Abstracts

Multidien Rhythm Quantification Across 4,000 Patients Implanted with the Neuropace RNS® System

Abstract number : 2.19
Submission category : 3. Neurophysiology / 3G. Computational Analysis & Modeling of EEG
Year : 2024
Submission ID : 1226
Source : www.aesnet.org
Presentation date : 12/8/2024 12:00:00 AM
Published date :

Authors :
Presenting Author: Jacob Norman, PhD – NeuroPace, Inc.

Thomas Tcheng, PhD – NeuroPace
Sharanya Arcot Desai, PhD – NeuroPace, Inc.

Rationale: The spontaneous nature of seizures causes significant disruption for patients with epilepsy. The ability to forecast seizures would allow patients to take precautions during high-risk times. Recent work has established the relationship between seizure timing and cycles of interictal epileptiform activity (IEA). These IEA cycles were shown to be present in a majority of patients, in particular at circadian (~1 day) and multidien (4-40 days) periodicities (Baud et al., 2018; Leguia et al., 2021). In this work, we explore the presence and patterns of multidien rhythms across patient populations using the largest ambulatory intracranial EEG dataset to date.

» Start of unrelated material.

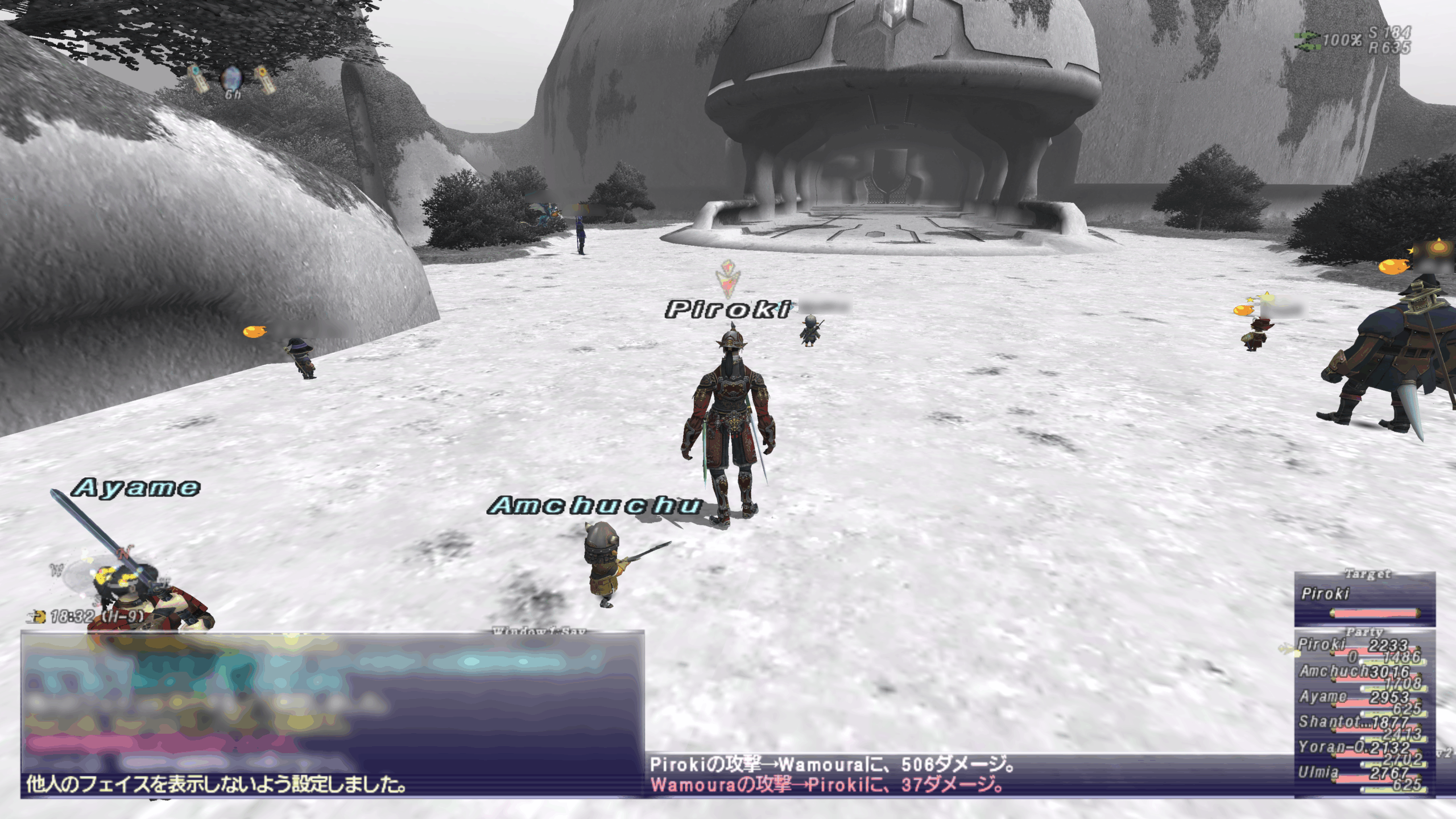 そこで活躍するコマンドが「/hidefaith on」です。このコマンドをチャット欄に入力すれば下記画像の様に他プレイヤーのフェイスが表示されなくなり、劇的に動作が軽くなります!

Methods: We leveraged IEA detection data from 6,139 patients using the NeuroPace RNS® System to identify multidien rhythms. Analysis was focused on the most recent 12 months for each patient, and patients without sufficient data were excluded from analysis. Additionally, patients with less than 15 months of data were excluded to account for a 3-month implant effect (Sun et al., 2018). Detection counts for each patient were normalized between device programming changes, then wavelet decomposition was conducted to identify oscillation amplitudes for each periodicity. Multidien rhythms for each patient were identified using a peak finding algorithm, and if multiple peaks were present, the most prominent peak was selected.

Results: Of the 6,139 patients analyzed, 3,987 patients met the criteria for inclusion in this analysis. Around 55% of these patients exhibited multidien rhythms with sufficient strength. These rhythms clustered around periodicities of ~7 days, ~21 days, and ~1 month (Figure 1). Further segmentation of the patient population showed that males, on average, have slightly shorter multidien rhythms than females (p < .05, X2 test). Finally, periods associated with greater seizure reduction were less likely to contain multidien rhythms.

Conclusions: This research quantifies multidien rhythmicity of IEA in a large patient dataset, which allows for further segmentation of the patient population. Given the previously demonstrated relationship between IEA rhythmicity and seizures, these patterns in multidien rhythms could provide an avenue toward seizure forecasting.